We must go firmly down this path without reservation, open up to competition and ask for bids from anybody, up to 30, 35 or 45 per cent; I do not care. We must get this business on the road again, so that whoever is employed in the post office in the future has a wage that is comparable to some better industries in the country, and the consumer gets a better service than he or she now does. The consumer does not get a very good service. Small businesses lose a lot of money from the inefficiency of the postal services. I have not looked at it lately, but when I last spoke about it, only 92 per cent of letters were delivered; I do not know where the other 8 per cent went.

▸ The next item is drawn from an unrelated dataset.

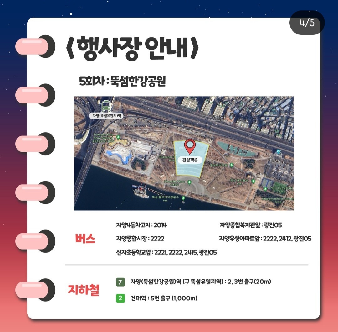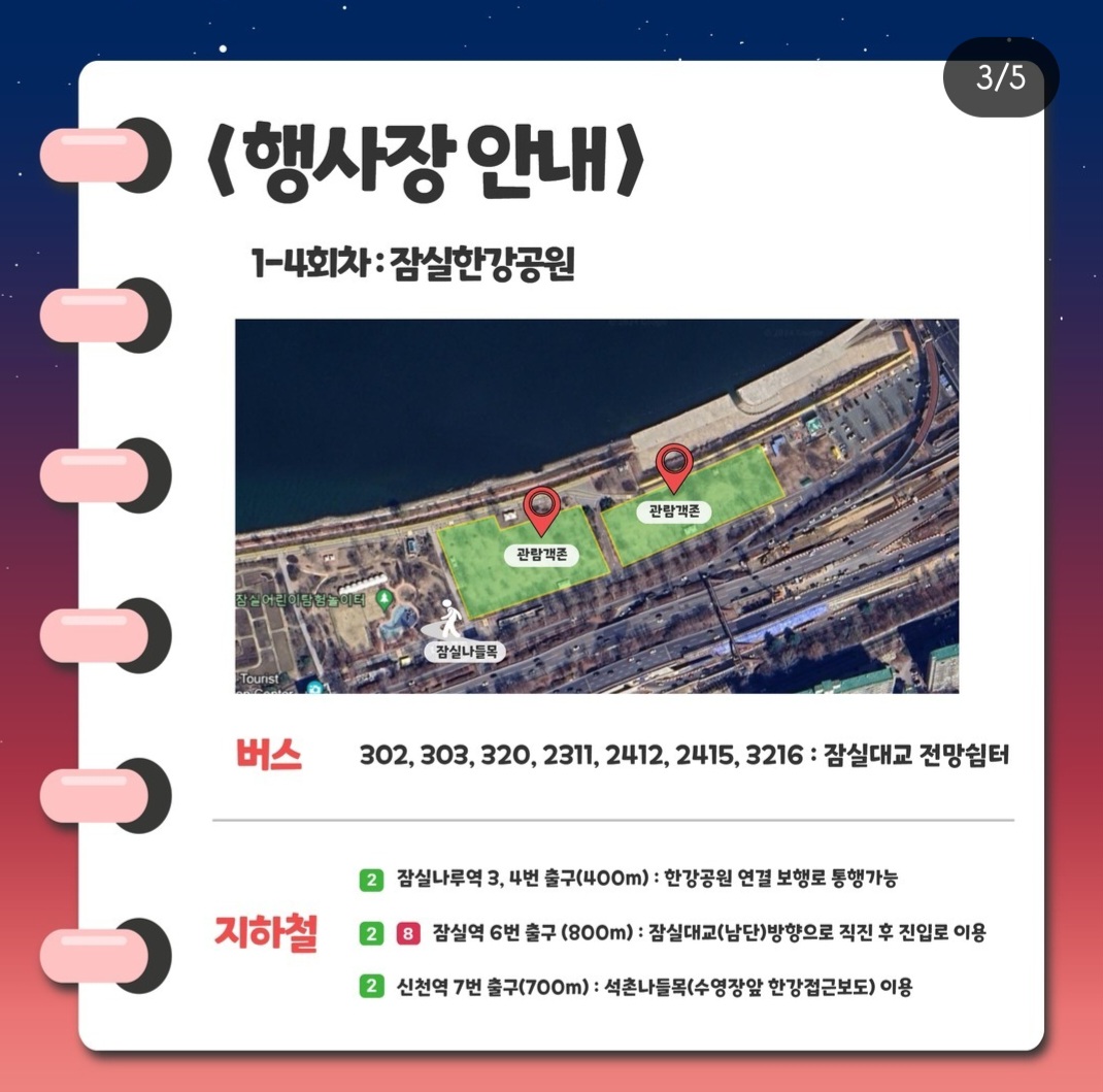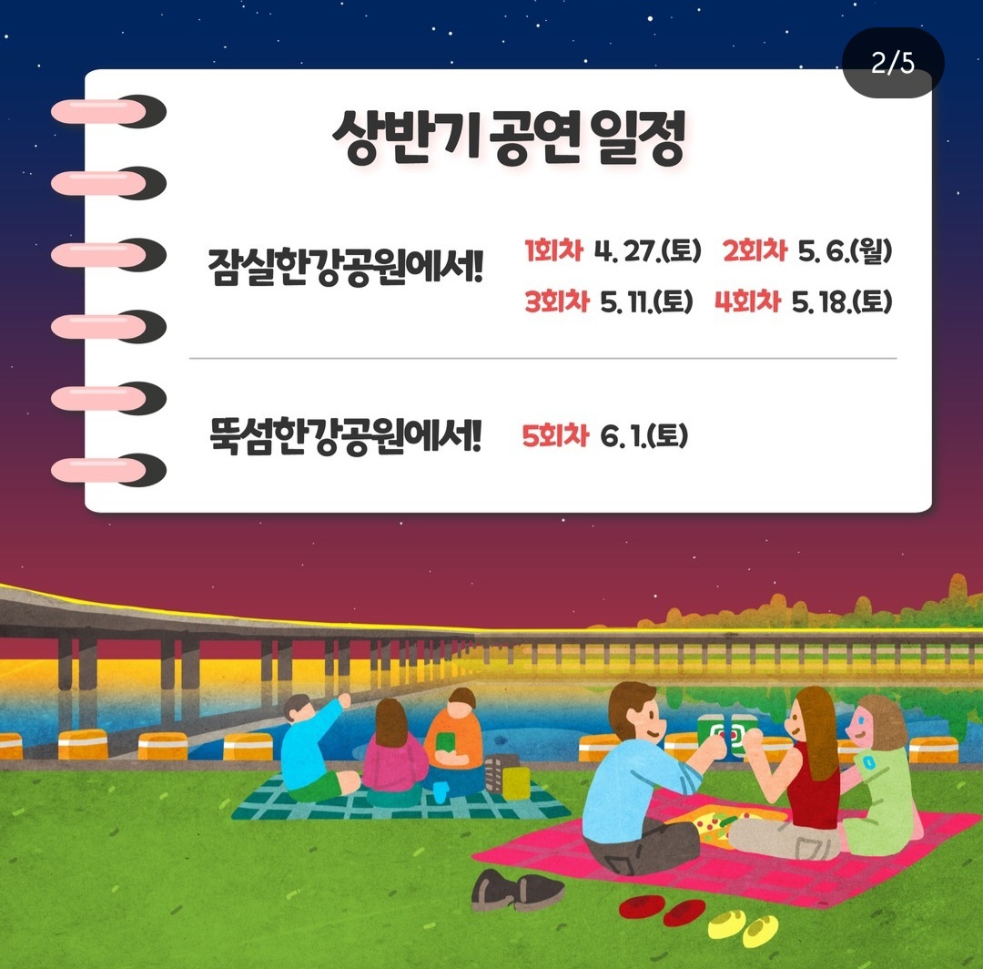 1~4회차까지는 잠실한강공원에서 진행되며, 5회차 공연은 뚝섬한강공원에서 진행될 예정입니다.

There are few 350 year-old things worth keeping on. We have an opportunity now. Do not say, Why now? Why cant we delay? We have delayed for 20 years. We have had 20 years of waiting to improve the postal services in this country. It is about time we grasped the nettle. I congratulate my noble friend the Secretary of State on at last having had the courage to do so, and to fight the good fight.
Lord Stoddart of Swindon: My Lords, I agree with the noble Lord, Lord Fowler. If the Bill had been brought forward by the last Tory Government or any other Tory Government, the Labour Party would be jumping up and down in rage. It would be organising marches up and down the country and there would be a huge lobby of Parliament against the Bill.
I do not agree with the Bill. It is unnecessary and should not have been brought forward. However, I suppose that, because it is not a Tory Bill but a Labour Bill, it must be all right. I do not think so. I shall tell your Lordships in the time available why it is not the sort of thing that should be brought forward by a Labour Government.
I remind the House, and noble Lords who have already spoken, that the noble Lord, Lord Hunt, said from the Tory Front Bench that he will march shoulder to shoulder with the Secretary of State for the Bill in the Lobbies this evening. However, he also warned that the Conservatives will table amendments in Committee and on Report. I warn Labour Lords that this is a House of Lords Bill. Any amendments made here can be altered in the House of Commons but cannot be overturned by the Parliament Act because this is a House of Lords Bill. Therefore, noble Lords should be careful about supporting the Bill and consider supporting the amendment so admirably moved by the noble Lord, Lord Clarke.